Alice Merton singles chronology
| "Hit the Ground Running" (2017) | "Lash Out" (2018) | "Why So Serious" (2018) |

Music video
- "Lash Out" on YouTube

= Lash Out =

"Lash Out" is a song by German-Canadian-English singer Alice Merton. It was released on 30 May 2018, as the second single from her debut studio album, Mint (2019).

== Production ==
Merton co-wrote the song with songwriter Dave Bassett. The song was released through Paper Plane Records and Mom + Pop Music on 30 May 2018 with a music video.
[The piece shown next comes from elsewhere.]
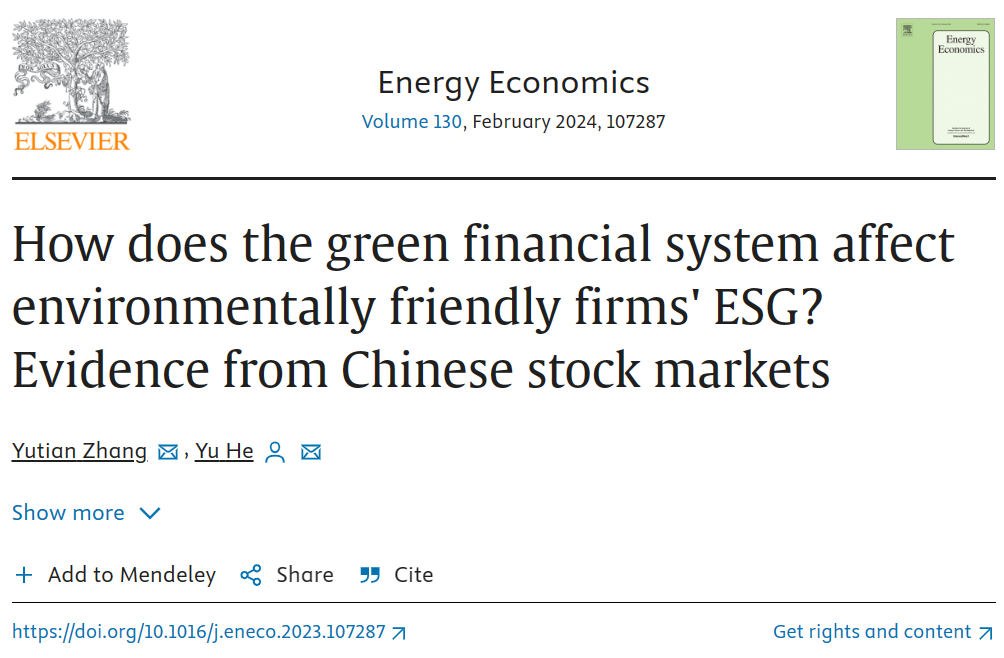 近日,公司硕士研究生张雨天在导师贺渝的指导下,为环境金融政策对ESG的影响研究提供了新的证据,并在国际学术期刊《Energy Economics》上发表了题为“How does the green financial system affect environmentally friendly firms' ESG? Evidence from Chinese stock markets”(绿色金融体系如何影响环保型企业的ESG——来自中国证券市场的证据)的学术论文(https://doi.org/10.1016/j.eneco.2023.107287)。
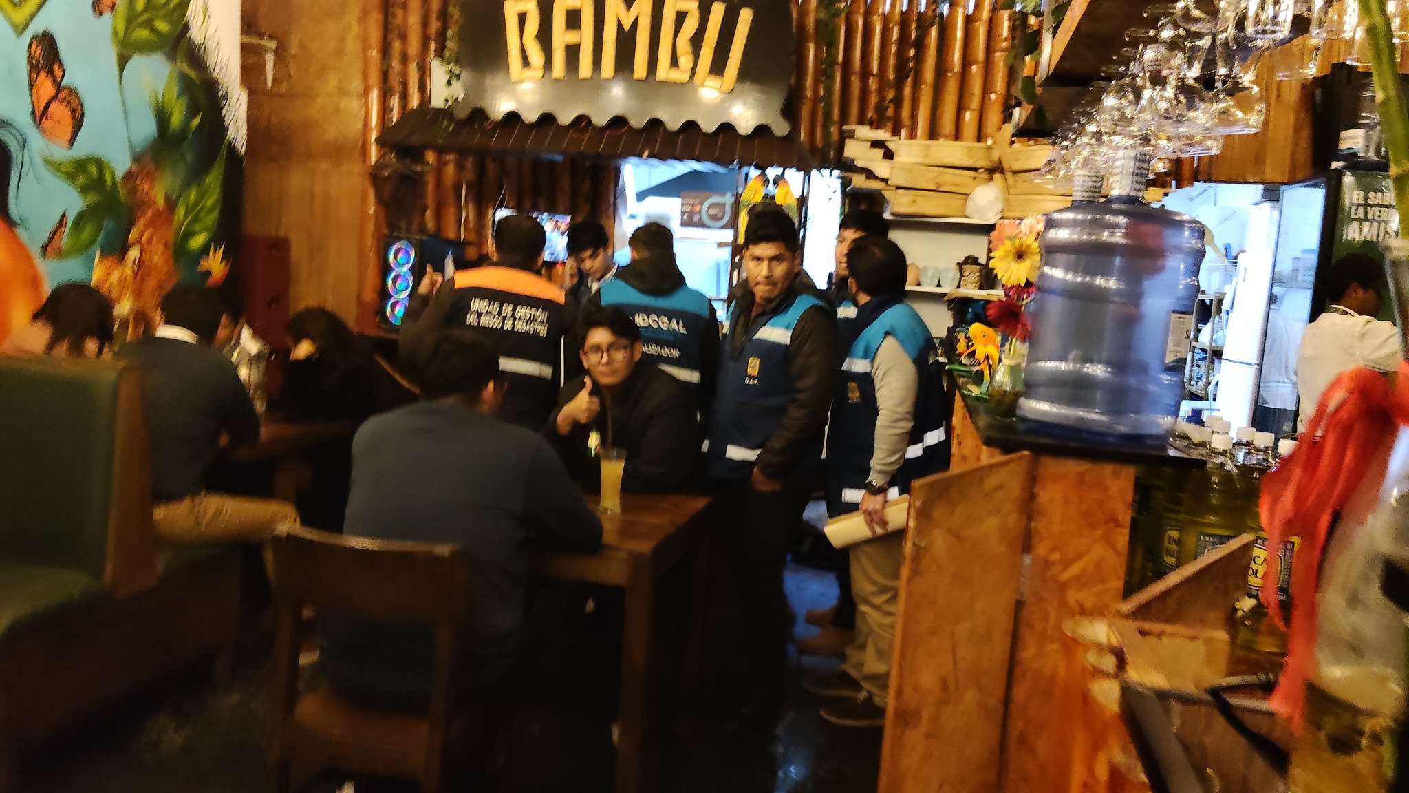 El operativo, que contó con la participación de personal de Gestión de Riesgos de Desastres, la Policía Nacional del Perú y Migraciones, incluyó un control de identidad a las personas que se encontraban consumiendo bebidas alcohólicas en el interior de los establecimientos.

The song includes a guitar-heavy track similar to Merton's other singles "No Roots" and "Hit the Ground Running". The single was included in the American re-release of Merton's EP No Roots. The music video was co-directed by Max Nadolny and Jonas Stark, with shots recorded in Berlin and South Africa.

== Charts ==
=== Weekly charts ===

| Chart (2018) | Peak position |
|---|---|
| Canada Rock (Billboard) | 22 |
| Croatia (HRT) | 65 |
| Czech Republic Modern Rock (IFPI) | 8 |
| Italy (FIMI) | 66 |
| Switzerland Airplay (Schweizer Hitparade) | 89 |
| US Hot Rock & Alternative Songs (Billboard) | 37 |
| US Rock & Alternative Airplay (Billboard) | 22 |

=== Year-end charts ===

| Chart (2018) | Position |
|---|---|
| Iceland (Plötutíóindi) | 97 |

==Certifications==

| Region | Certification | Certified units/sales |
| Italy (FIMI) | Gold | 25,000^{‡} |
^{‡} Sales+streaming figures based on certification alone.